First, I want to address the Habitat for Humanity Stores. Purchasing things at these stores helps those in need, and allows the organization to build as many as ten more houses per year for each store. This is not ‘taking’ from them. I looked it up and this is a great resource for saving money during construction, plus it actually helps the needy and the environment by ‘rechanneling good, usable materials into use.’ There is nothing wrong with purchasing from these stores. I think that the commenter just misunderstood what was being suggested on this one.
I really need to clear up the part about us being ‘rocket scientists enjoying enormous success known as the American Dream.’ I have to say that this really floored me. Is that what most of you think about me and Andy? That we walk around in white lab coats and rake in bucketloads of money? Because it is far from the truth. We are technicians; hands-on, blue collar workers. We make okay money, but with ever increasing costs of everything and trying to save for retirement it is hard to get ahead. We also work on a program that is coming to an end, and the next space program is forecast to require 5,000 fewer workers, a reduction of nearly 50%. Who knows what the future holds for us? That is why we are working to get our degrees- so that we have more options.
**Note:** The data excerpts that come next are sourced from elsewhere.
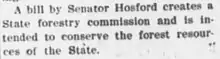 In 1909, Hosford served as the Chairman of the Committee on Agriculture and Forestry in the Florida Senate.[12] While serving as Committee Chair, he introduced a bill to aid in the conservation of state forests and to create a state forestry commission.[13][14] He also served on a number of other Committees in 1909: the Immigration Committee, Indian Affairs Committee, the Pensions Committee, the Prison and Convicts Committee, and the Privileges and Elections Committee.[15][16]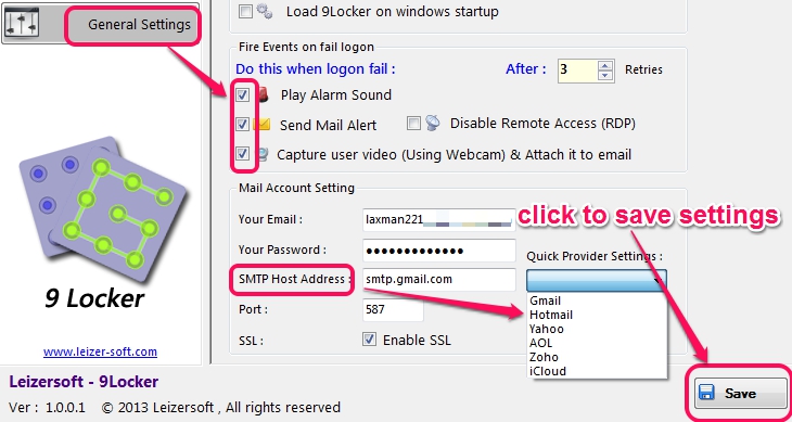 - Send Mail alert and capture user video (who tried to login). A webcam will be required if you want to capture intruder’s video. To activate mail alerts, you need to provide your email address, password of that email, SMTP host address, and port number. For users facility, there are some quick provider settings available that helps to set host address and port number automatically.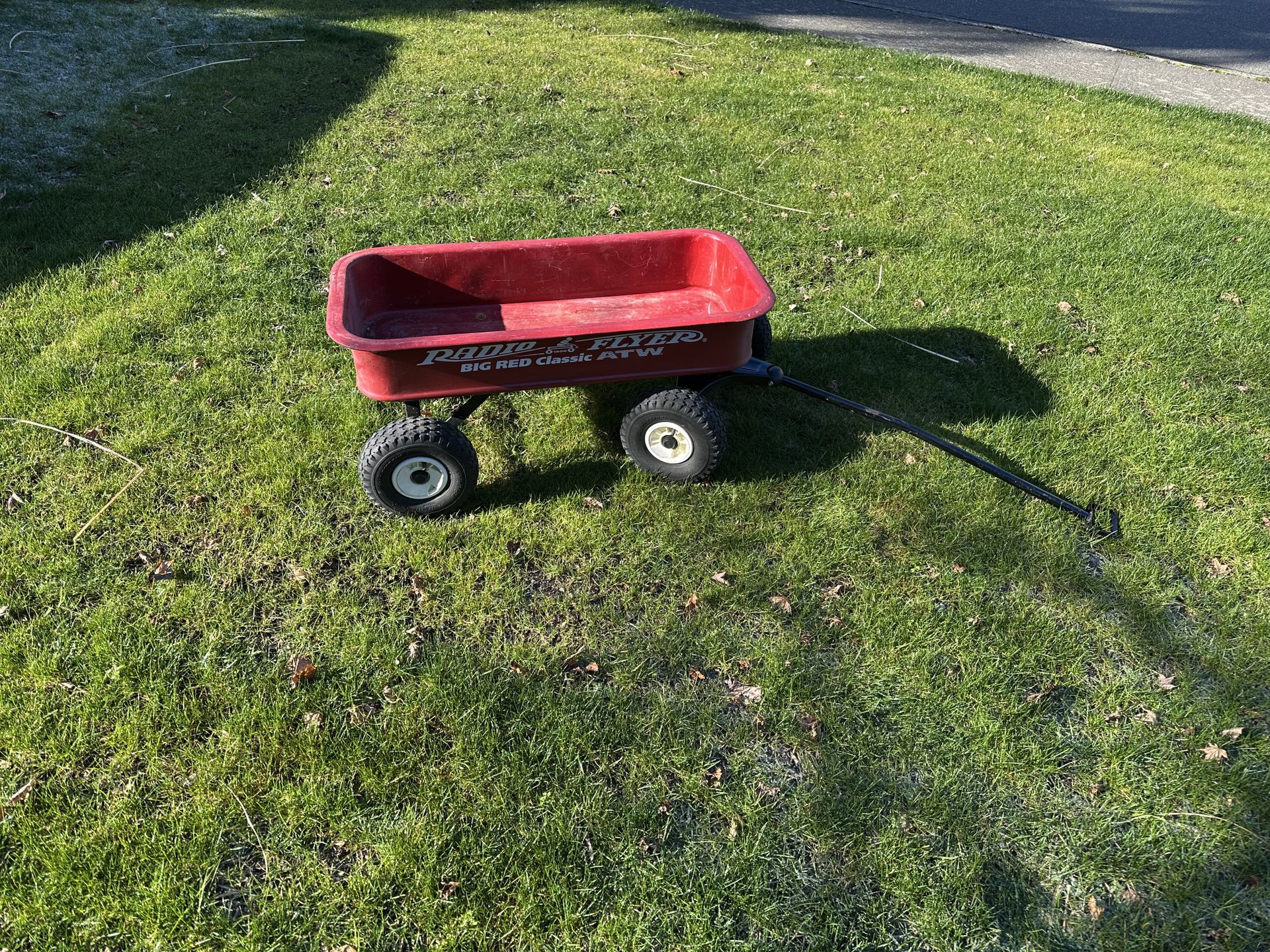Big red classic ATW radio flyer wagon. Has the big off road wheels. In great condition stored inside was used for silverwood and packwood flea market shopping. Asking $100 OBO.

Now for the part about how if building on Tortoise Hollow is something I truly believe in, I should sell the main house and pool all my ‘assets’ to the project. Does anyone think that if this was a possibility it wouldn’t have already happened? As I explained to the commenter, we borrowed against our current home to purchase the property. Then the housing market took a dump and property values dropped sharply. If we could even sell this house, we could not get enough for it to do anything more than cover what we owe on it. There are no assets to be pooled. And then we would have to find a temporary place to live that would take us and our six dogs, two parrots and two tortoises. Eventually the market should recover, and then we will once again have equity in our home, but for now it is gone. It has nothing to do with us not wanting to give up our comfortable lifestyle. The commenter insinuated that we should not resort to begging to achieve our dream. I have no idea where that came from, because I don’t see any mention of begging anywhere in my post, only resourcefulness.
The commenter also mentioned that I should learn to be happy with what I have because maybe having what I want will not bring happiness. That is odd to me, because who said I am looking for happiness? I am already happy. Even someone that is happy will have frustrations in life; they are not immune. And I disagree that I should just be content with what I have. Life without dreams would be a miserable one. To just go and say, “okay, well I guess this is the best things will ever be” and not constantly strive to achieve more and do more and make life better is a defeatist attitude, and one that you will not find around here. While the commenter said that my posts are all about self pity- I disagree. I was very proud of myself yesterday for dealing with the bad news the way I did and taking a positive spin on things by searching for new solutions. After nearly three years and as many disappointments as we have been through, how many people could say they would have handled it as well?
And finally, the commenter said this: “Please for once imagine your lives as those much less fortunate than you.” That stung a little, because apparently I am seen as someone who cares only about herself. I work hard to help those less fortunate than myself on a regular basis, although my favorite charities deal with animal rescue. I did not realize that I came across as such a heartless, self-absorbed person. Truly, this has been an eye-opener to me.